Einen Rucksack mit Erinnerungen, Schmerz, Traurigkeit. Genau wie ich. Zwei Rucksäcke sind einer zu viel. Ich hatte gehofft, Max könnte mir meinen Kummer nehmen, aber er war noch zu sehr mit seinem eigenen beschäftigt.

Ich schreibe ihm heute noch manchmal, wenn ich betrunken bin. Und dann schäme und ärgere ich mich. Ich bin froh, ihn kennengelernt zu haben, denn er hat mir gezeigt, dass ich mich wieder für andere Männer als meinen Ex­-Freund interessieren kann.

Der Kiffer

(Bild: giphy)

Bei Florian war ich sehr ehrgeizig, denn laut Tinder-Foto passte er in mein Beuteschema: Designer, Sneakerträger, Skaterboy. Erst ging er nie konkret auf meine Frage nach einem Bier ein und mit seinen Antworten ließ er sich oft tagelang Zeit. Schließlich habe ich ihn zu packen bekommen und mich bei ihm zum Essen eingeladen. Erster Eindruck: Kochen kann er ziemlich gut! Was nicht so gut zusammengepasst hat, waren seine Katze und meine Katzenhaarallergie. Es ging mir lange nicht mehr so schlecht. Mit laufender Nase, roten Flecken und akuter Atemnot haben wir noch eine Serie geschaut.

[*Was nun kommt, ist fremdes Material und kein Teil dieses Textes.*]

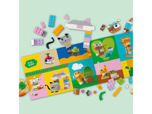 Der Bausatz enthält 450 LEGO-Steine, darunter spezielle Teile mit Augen und Mündern sowie eine ausführliche Bauanleitung. Kinder bauen ein Modell eines Hundes mit Knochen, einer Katze auf einem Kratzbaum, eines Hamsters mit einem Apfel, eines Kaninchens mit einer Karotte und eines Vogels auf einer Stange. Mit Designs mit alternativen Farben, Formen und Funktionen können Kinder versuchen, Haustiere in völlig neue Formen zu verwandeln. Das Set hilft dabei, die kreativen Fähigkeiten kleiner Baumeister zu entwickeln, die versuchen, ihre eigenen Ideen zusammenzustellen. Im Lieferumfang ist eine Anleitung mit 10 Bautipps enthalten, die Sie zum kreativen Schaffen nach Ihren eigenen Vorstellungen anregt.

Eigentlich war es ­abgesehen von meinem körperlichen Leiden auch echt entspannt. Das hat ihn wohl inspiriert, denn plötzlich kam von rechts neben mir die Frage: “Stört es dich, wenn ich mir einen baue?” “Öhm.. also... musst du ja wissen”, meine Antwort. Ich bin sicherlich nicht prüde, aber an einem Sonntagabend beim ersten Date kiffen? Das muss doch nicht sein. Auf meine Nachfrage hin erzählte er mir, dass er das so viermal die Woche mache. Auf einmal war ich froh, dass er kleiner war als ich und eine Katze hatte.

Und nun...

Dieses Date ist nun drei Wochen her. Ich habe in dem Jahr noch mehr Jungs gedatet, aber die sind nicht mal eine interessante Story wert. Darum brauche ich jetzt eine Pause. Ich habe keine Lust mehr, auf die immer gleichen Gespräche und die Anstrengung, ein Match zu finden, das mich anspricht. Ich habe auch keine Lust auf die Hoffnung, die unterschwellig doch immer mitschwinkt. Ich versuche jetzt lieber auf tinderfreiem Wege jemanden kennenzulernen. Wenn das nicht funktioniert, ist die App ja schnell wieder installiert.